The Mineral Deficiency

  • Magnesium

  • MAGNESIUM is a mineral that is essential for the proper functioning of the human body. It plays a vital role in many bodily functions, including muscle and nerve function, protein synthesis, blood pressure regulation, and bone health. Deficiency in MAGNESIUM can result in a range of health problems, including muscle cramps, anxiety, and irregular heartbeats.

    The daily recommended intake of MAGNESIUM varies depending on age and gender.

    – For adult men, the recommended daily intake is 400-420 mg.
    – For adult women, the recommended daily intake is 310-320 mg.
    – Pregnant women need more MAGNESIUM, with a recommended daily intake of 350-360 mg.
    – Breastfeeding women also have an increased need for MAGNESIUM, with a recommended daily intake of 310-360 mg.

    Children’s recommended daily intake of MAGNESIUM depends on their age:

    – 1-3 years: 80 mg
    – 4-8 years: 130 mg
    – 9-13 years: 240 mg
    – 14-18 years (boys): 410 mg
    – 14-18 years (girls): 360 mg

    NOTE: It’s important to note that these are general guidelines, and individual needs may vary based on specific health conditions or dietary factors.

  • Calcium

  • CALCIUM is an essential mineral for the development of healthy and strong bones and teeth. It plays a critical role in muscle contraction, nerve function, blood clotting, and cellular communication. Maintaining adequate levels of CALCIUM is important for overall health and can help prevent osteoporosis, a condition characterized by weak and brittle bones.

    – For adults between the ages of 19 and 50, the daily recommended intake of CALCIUM is around 1,000 mg.
    – For those over 50 years of age, the recommended daily intake increases to 1,200 mg.

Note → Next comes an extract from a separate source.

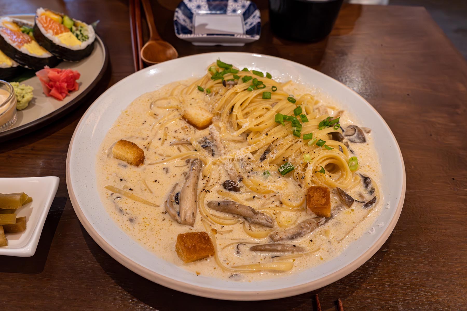 저희가 주문한 것은 연어 후토마끼와 트러플크림 파스타입니다. 장국이 각각 나왔고 파스타와 함께 피클이 나왔는데요, 일반적인 오이피클이 아니고 요즘 식당에서 많이 보이는 궁채로 만든 것 같았습니다. 그냥 집어먹어도 맛있습니다. 특이하게 장국에는 미역이 상당히 많이 들어있었습니다.

    NOTE: Women who are pregnant or breastfeeding may require more CALCIUM, and should consult with their healthcare provider to determine their individual needs.

  • Zinc

  • ZINC is an important mineral that plays several vital roles in the body. It is involved in immune function, growth and development, wound healing, and DNA synthesis. It is also important for the senses of taste and smell, and for maintaining healthy skin, hair, and nails. ZINC deficiency can lead to a weakened immune system and delayed growth and development, while excessive intake can be toxic and cause gastrointestinal problems.

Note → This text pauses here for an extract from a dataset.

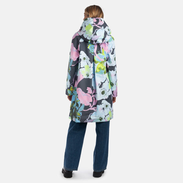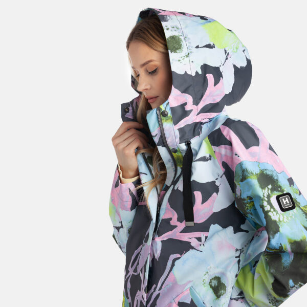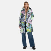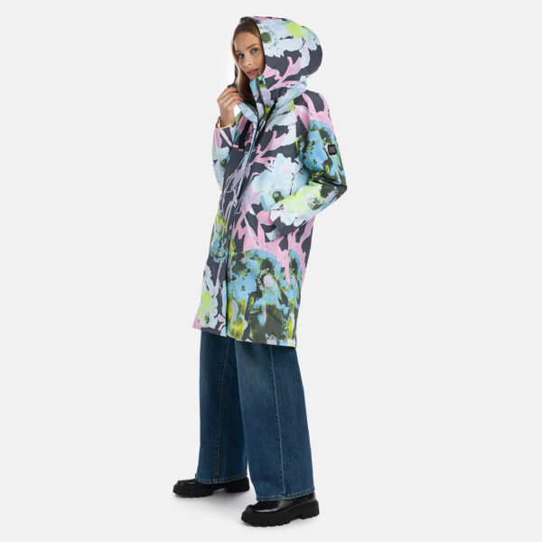 Women’s waterproof and windproof coat, suitable for spring and autumn. The outer fabric is dry-touch – which means, it has a matte effect. The lining of the parka is soft. Adjustable hood and sleeve cuffs. The outer fabric is decorated with reflective details. The front closure feature hidden magnetic snaps. It is more loose fit coat.

    The daily recommended intake of ZINC varies depending on age and gender. The following are the recommended daily intake of ZINC:

    – Infants aged 0-6 months: 2 mg
    – Infants aged 7-12 months: 3 mg
    – Children aged 1-3 years: 3 mg
    – Children aged 4-8 years: 5 mg
    – Children aged 9-13 years: 8 mg
    – Adolescents (boys aged 14-18 years): 11 mg
    – Adolescents (girls aged 14-18 years): 9 mg
    – Adults (men aged 19+ years): 11 mg
    – Adults (women aged 19+ years): 8 mg

    NOTE: Pregnant and breastfeeding women may need additional ZINC intake, and it is recommended to consult with a healthcare provider to determine the appropriate intake.